Greenplum implementation plan and pg Similar, but because gp is distributed shared nothing architecture, the implementation plan and the inevitable pg or some difference.
gp view SQL execution plan by also explain the statement, the syntax is as follows:
Command: EXPLAIN
Description: show the execution plan of a statement
Syntax:
EXPLAIN [ ANALYZE ] [ VERBOSE ] statement
Compared to explain the statement options pg less verbose and analyze only two options, the role are:
analyze: executing the command and displays the actual time.
verbose: Displays the query inside the actual structure of the tree, rather than a simple summary.
Distributed execution plan:
Shared Nothing architecture features in gp is: absolutely not share the underlying data, each segment is only part of the data, all nodes are connected through a network.
- redistribution of broadcast
because the data gp is distributed in different segment, so how data is coming together becomes very crucial, which will be designed to migrate data, that redistribution and broadcasting.
Broadcast: transmitting a table of all data on each segment to segment all, this is equivalent to the total amount of each segment has data.

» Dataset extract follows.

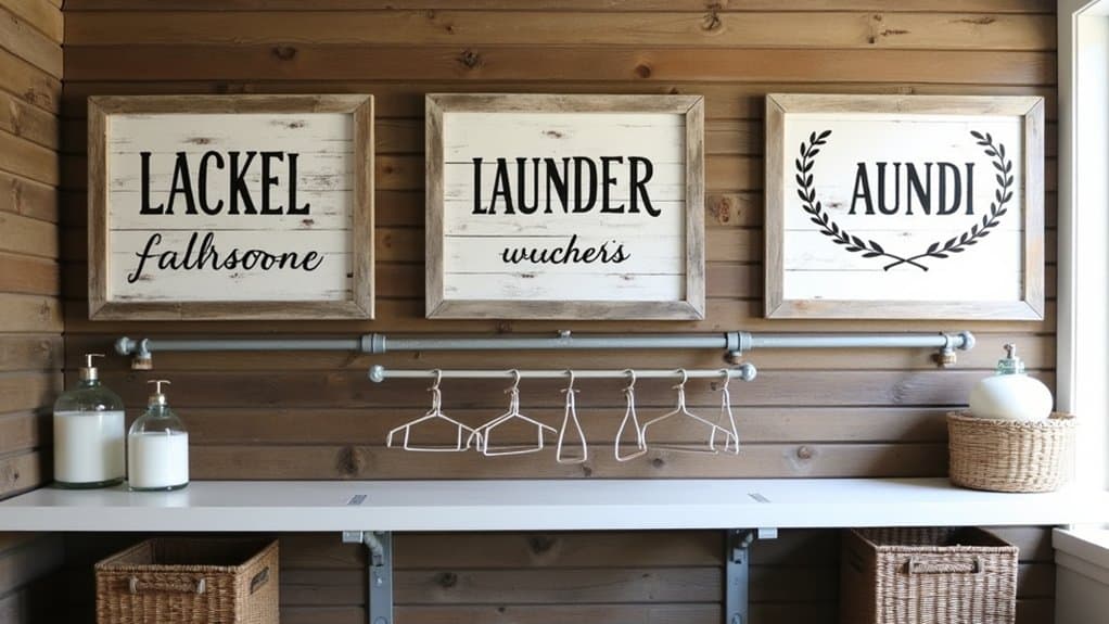 Farmhouse signage décor can add a charming, rustic touch to your laundry room while also serving a functional purpose in organization. Start by selecting or creating signs with clear, easy-to-read text that label key areas, such as “Laundry Supplies,” “Sorting Station,” or “Lost Socks.” Hang these signs above shelves, bins, or hooks using sturdy hardware to guarantee they stay in place and guide users to the right spots effortlessly.
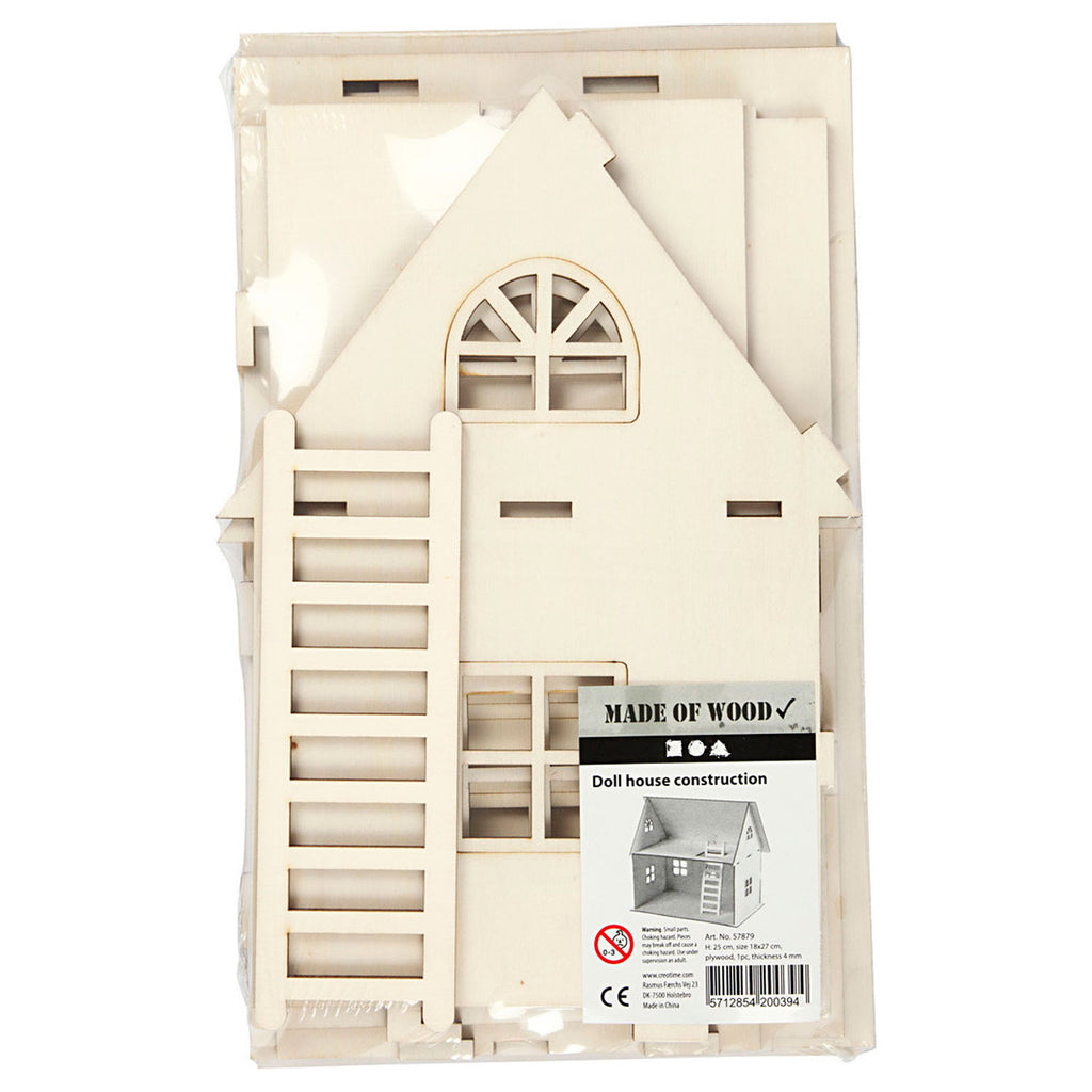 Dit poppenhuis kun je zelf in elkaar zetten! Het poppenhuis is gemaakt van lichtbruin hout en heeft meerdere ramen en een deur. Het poppenhuis is aan één kant open, zodat het huis ook echt gebruikt kan worden. Nadat het poppenhuis in elkaar gezet is kun je het nog naar eigen wens versieren! Exclusief accessoires.

Redistribution: When you need to cross-correlation and aggregation of libraries, when data can not meet the conditions of broadcasting, this time gp redistribution will select data, select the new distribution key (associated with key) to re-break the data re-distributed to all segment on.
Pg distributed execution plan in the execution plan as compared to some more different terms, namely:
. 1, Gather Motion (N:. 1)
polymerization operation, the data on the polymerization of N nodes to the same node.
postgres=# EXPLAIN select * from t3 join t2 on t3.id=t2.id+100 limit 10;
QUERY PLAN
--------------------------------------------------------------------------------------------------------------------
Limit (cost=24028.00..24028.69 rows=10 width=74)
-> Gather Motion 2:1 (slice2; segments: 2) (cost=24028.00..24028.69 rows=10 width=74)
-> Limit (cost=24028.00..24028.49 rows=5 width=74)
-> Hash Join (cost=24028.00..72660.00 rows=500000 width=74)
Hash Cond: (t2.id + 100) = t3.id
-> Redistribute Motion 2:2 (slice1; segments: 2) (cost=0.00..31132.00 rows=500000 width=37)
Hash Key: t2.id + 100
-> Append-only Columnar Scan on t2 (cost=0.00..11132.00 rows=500000 width=37)
-> Hash (cost=11528.00..11528.00 rows=500000 width=37)
-> Append-only Scan on t3 (cost=0.00..11528.00 rows=500000 width=37)
Optimizer status: legacy query optimizer
(11 rows)
2, Broadcast Motion (N: N )
broadcasts, to a table of data on each node to all portions of the full segment.
3, Redistribute Motion (N: N )
redistribution, redistribute the data back to all break segment. In general often occurs: when the association, group by, other windowing function.
4, Slice
slice. gp when implementing distributed execution plan, SQL will be split into multiple slice, each slice is part of a single SQL database to perform.